## WORKING DATA:
★ ★ ★

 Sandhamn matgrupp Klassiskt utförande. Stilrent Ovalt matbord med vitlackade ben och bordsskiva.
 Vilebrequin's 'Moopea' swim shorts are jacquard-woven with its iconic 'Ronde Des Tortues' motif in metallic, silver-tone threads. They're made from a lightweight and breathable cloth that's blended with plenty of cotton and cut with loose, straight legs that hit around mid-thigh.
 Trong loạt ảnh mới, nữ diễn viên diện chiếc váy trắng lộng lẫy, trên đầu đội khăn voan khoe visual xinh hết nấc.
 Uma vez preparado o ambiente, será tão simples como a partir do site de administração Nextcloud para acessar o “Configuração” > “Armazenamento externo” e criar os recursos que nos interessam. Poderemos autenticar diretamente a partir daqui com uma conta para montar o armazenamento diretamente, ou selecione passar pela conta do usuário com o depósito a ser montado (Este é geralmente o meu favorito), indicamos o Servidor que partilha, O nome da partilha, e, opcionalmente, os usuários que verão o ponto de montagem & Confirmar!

★ ★ ★

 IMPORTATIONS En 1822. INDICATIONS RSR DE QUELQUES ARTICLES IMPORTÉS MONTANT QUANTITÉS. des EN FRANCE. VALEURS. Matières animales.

★ ★ ★

## TASK BRIEF:
Working from the material above, restate word for word the lines between the line with "Sandhamn matgrupp Klassiskt" and the line with "Uma vez preparado", both included, and only those.

## SOLUTION BELOW:
 Sandhamn matgrupp Klassiskt utförande. Stilrent Ovalt matbord med vitlackade ben och bordsskiva.
 Vilebrequin's 'Moopea' swim shorts are jacquard-woven with its iconic 'Ronde Des Tortues' motif in metallic, silver-tone threads. They're made from a lightweight and breathable cloth that's blended with plenty of cotton and cut with loose, straight legs that hit around mid-thigh.
 Trong loạt ảnh mới, nữ diễn viên diện chiếc váy trắng lộng lẫy, trên đầu đội khăn voan khoe visual xinh hết nấc.
 Uma vez preparado o ambiente, será tão simples como a partir do site de administração Nextcloud para acessar o “Configuração” > “Armazenamento externo” e criar os recursos que nos interessam. Poderemos autenticar diretamente a partir daqui com uma conta para montar o armazenamento diretamente, ou selecione passar pela conta do usuário com o depósito a ser montado (Este é geralmente o meu favorito), indicamos o Servidor que partilha, O nome da partilha, e, opcionalmente, os usuários que verão o ponto de montagem & Confirmar!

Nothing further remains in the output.